For the convenience of expression, denote

$$\begin{aligned} s_{ij}^k=s(a_k(x_i),a_k(x_j)). \end{aligned}$$

\(s_{ij}^k\) indicates the similarity degree between \(a_k(x_i)\) and \(a_k(x_j)\). This also expresses the similarity degree between two objects \(x_i\) and \(x_j\) with respect to the attribute \(a_k\).

Example 3.2

(Continued from Example 2.4) By Definition 3.1, then \(s_{ij}^k\) \((i,j=1,\ldots ,7,k=1,\ldots ,4)\) is obtained as follows (see Tables 2, 3, 4, 5).

Table 2 \(s_{ij}^1\)
Table 3 \(s_{ij}^2\)
Table 4 \(s_{ij}^3\)
Table 5 \(s_{ij}^4\)

Let (UA) be an ISVIS. For any \(a\in A\), define

$$\begin{aligned} R_a(x,y)=s(a(x),a(y)). \end{aligned}$$

Then \(R_a\) is a fuzzy relation on U.

Below, we attempt to deal with a fuzzy relation \(R_{a}\) by introducing the approximate equality between fuzzy sets.

Definition 3.3

([49]) Suppose \(k\in N\). Given \(a,b\in [0,1]\). If \(a,b\in [0,\frac{1}{10^k})\) or \(a,b\in [\frac{1}{10^k},\frac{2}{10^k})\) or \(\cdot \cdot \cdot \cdot \cdot \cdot\) or \(a,b\in [\frac{10^k-1}{10^k},1)\) or  \(a=b=1\), then a and b are said to be class-consistent, and k is said to be a threshold value. We denote it by \(a \approx _k b\).

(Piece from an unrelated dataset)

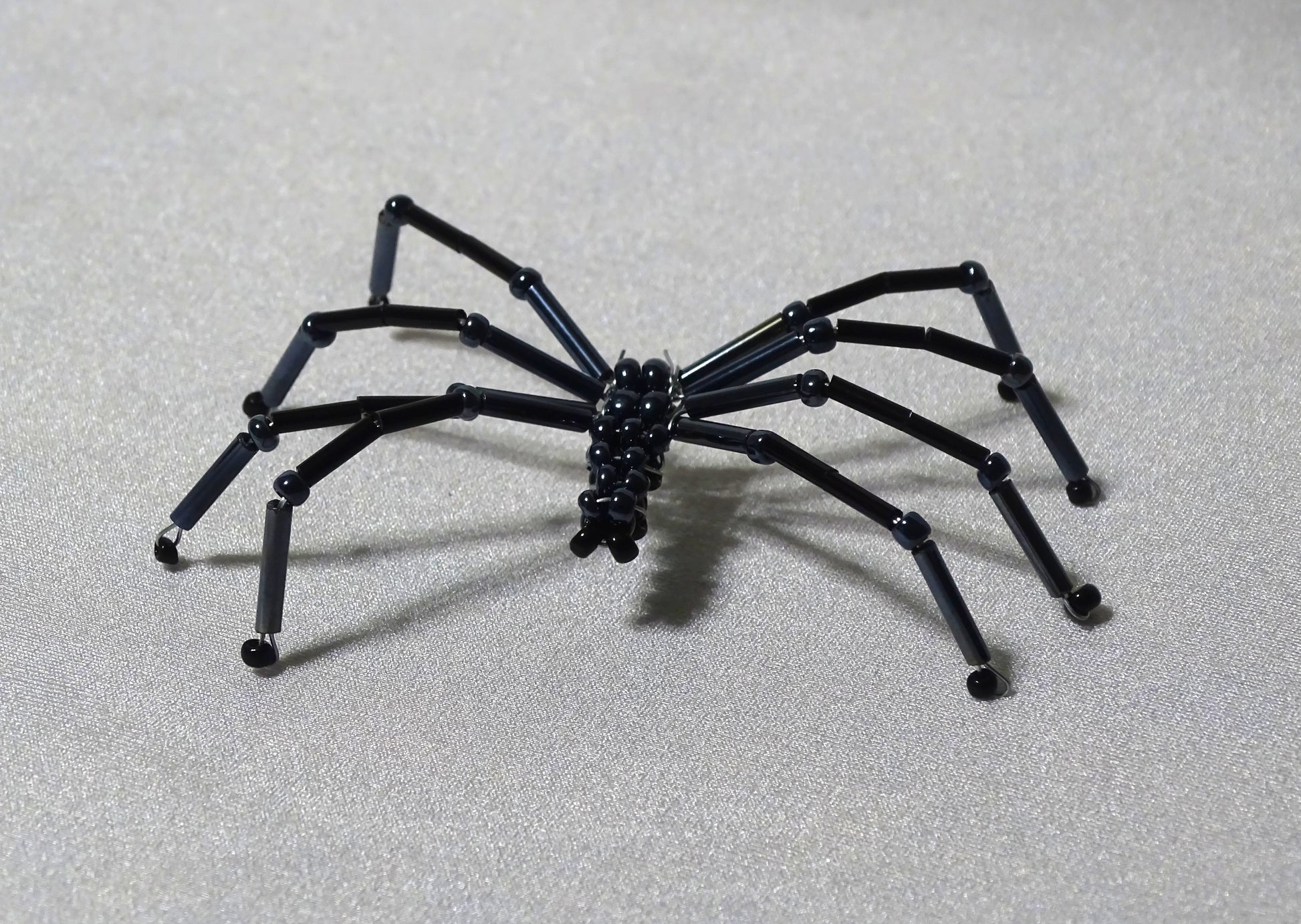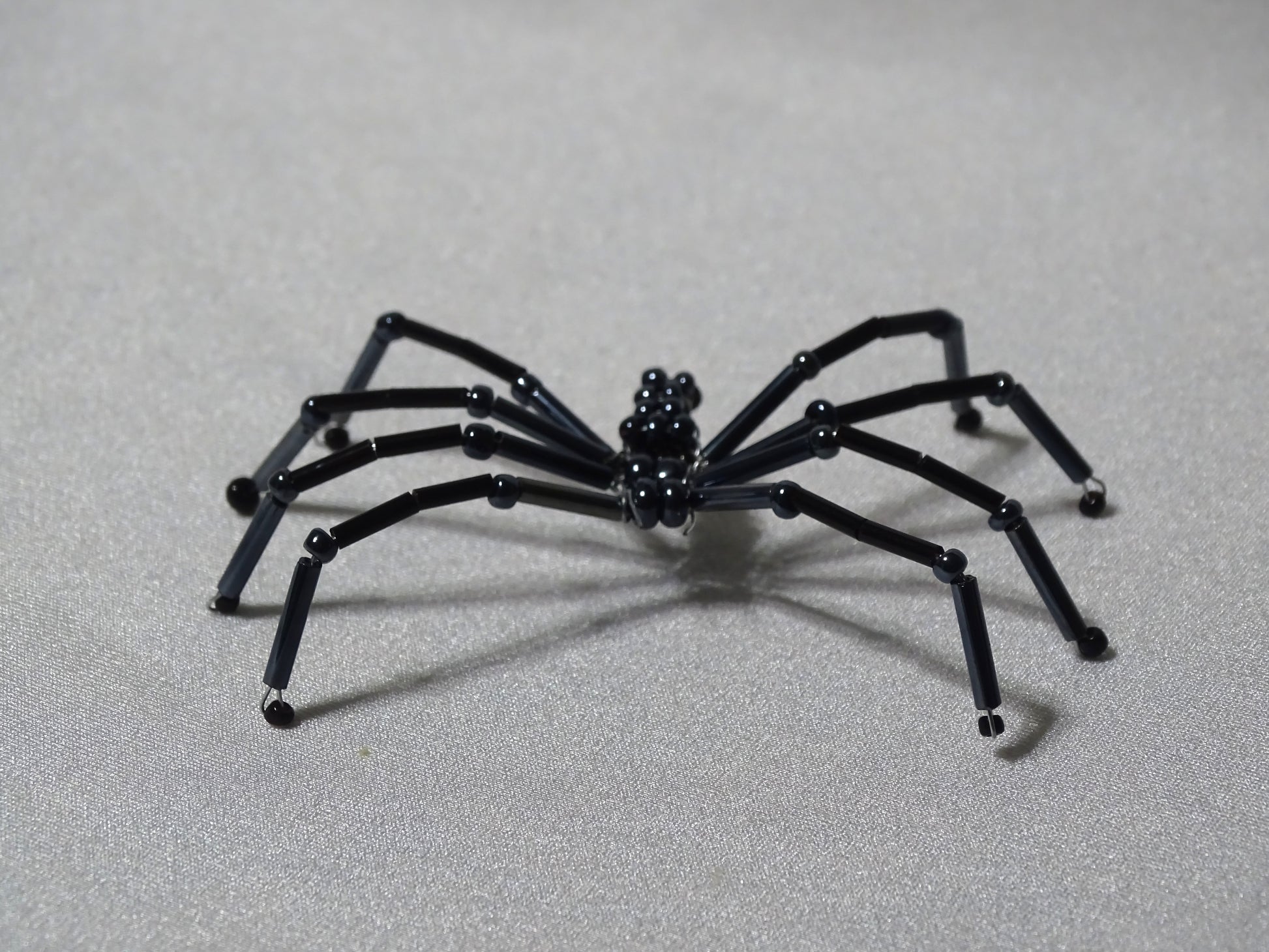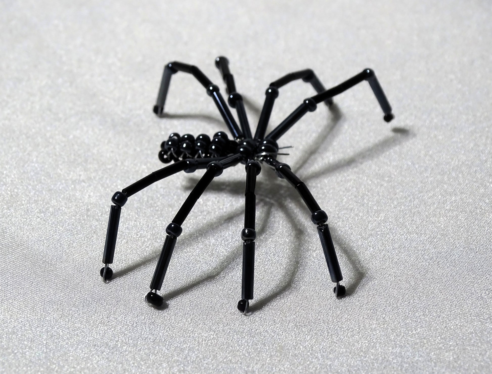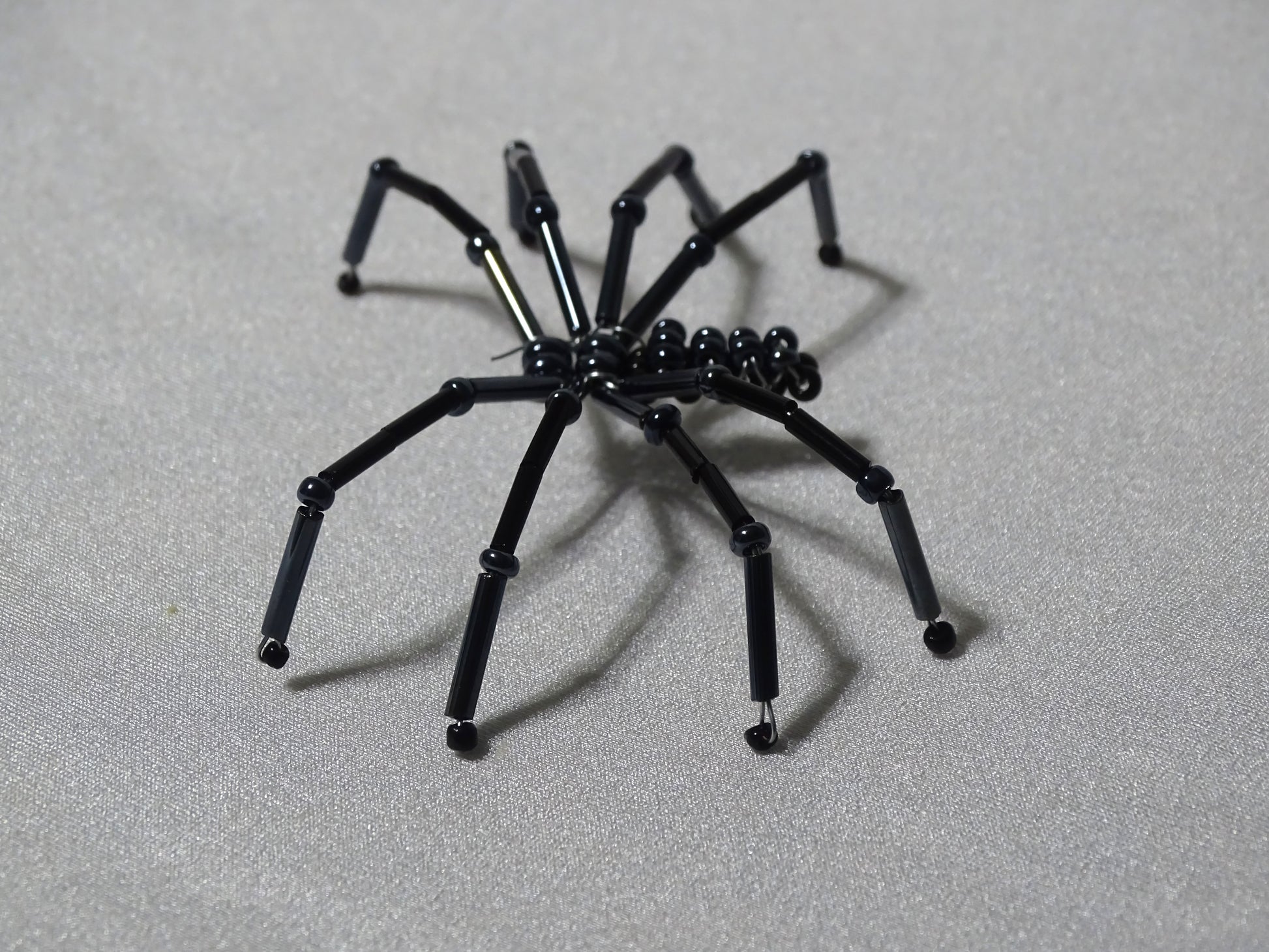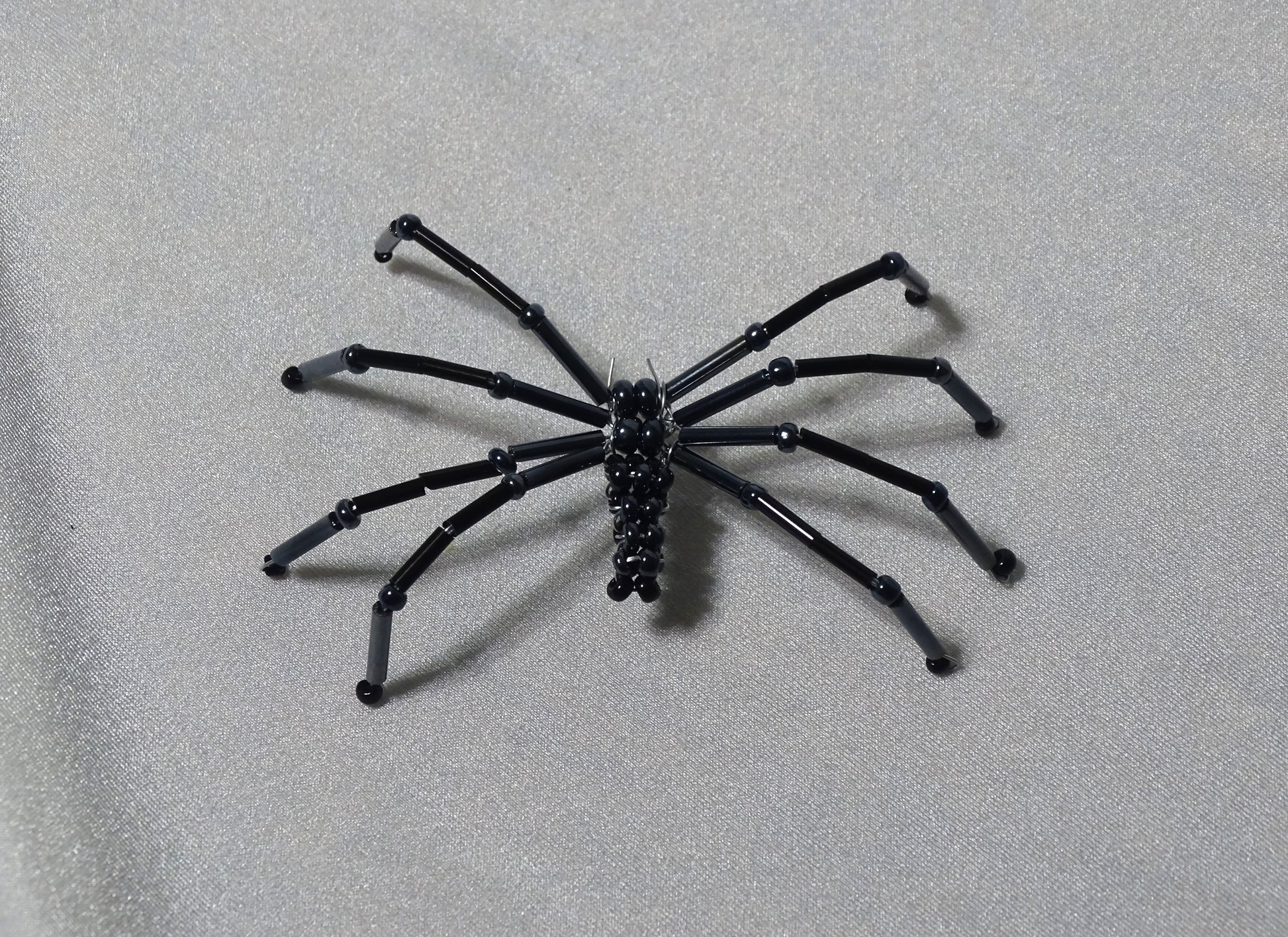 The body of this one is inspired by exotic species not native to the US. It is made entirely of hematite or gunmetal finish glass beads and is truly one of a kind. In the right light, the blue-grey looks just like the stone it is titled after. Measures approximately 2 ½ inches wide depending on how it is posed, however, pose with caution as too much bending could break the wire inside.

In this paper, we pick \(k=1\).

Definition 3.4

([49]) Suppose \(A,B\in I^U\). Then

$$\begin{aligned} A\approx _1 B\Leftrightarrow ~ \forall ~x\in U, ~A(x) \approx _1 B(x). \end{aligned}$$

Definition 3.5

Let (UA) be an ISVIS. Given \(P\subseteq A\). Define

$$\begin{aligned}&R_a^*=\{(x,y)\in U\times U :S_{R_a}(x)\approx _1 S_{R_a}(y)\},\\&R_P^*=\bigcap \limits _{a\in P}R_a^*. \end{aligned}$$

It is easy to see that \(R_P^*\) is an equivalence relation on U. Then \(R_P^*\) is called the equivalence relation induced by the subsystem (UP). And the partition on U induced by \(R_P^*\) is denoted by \(U/R_P^*\).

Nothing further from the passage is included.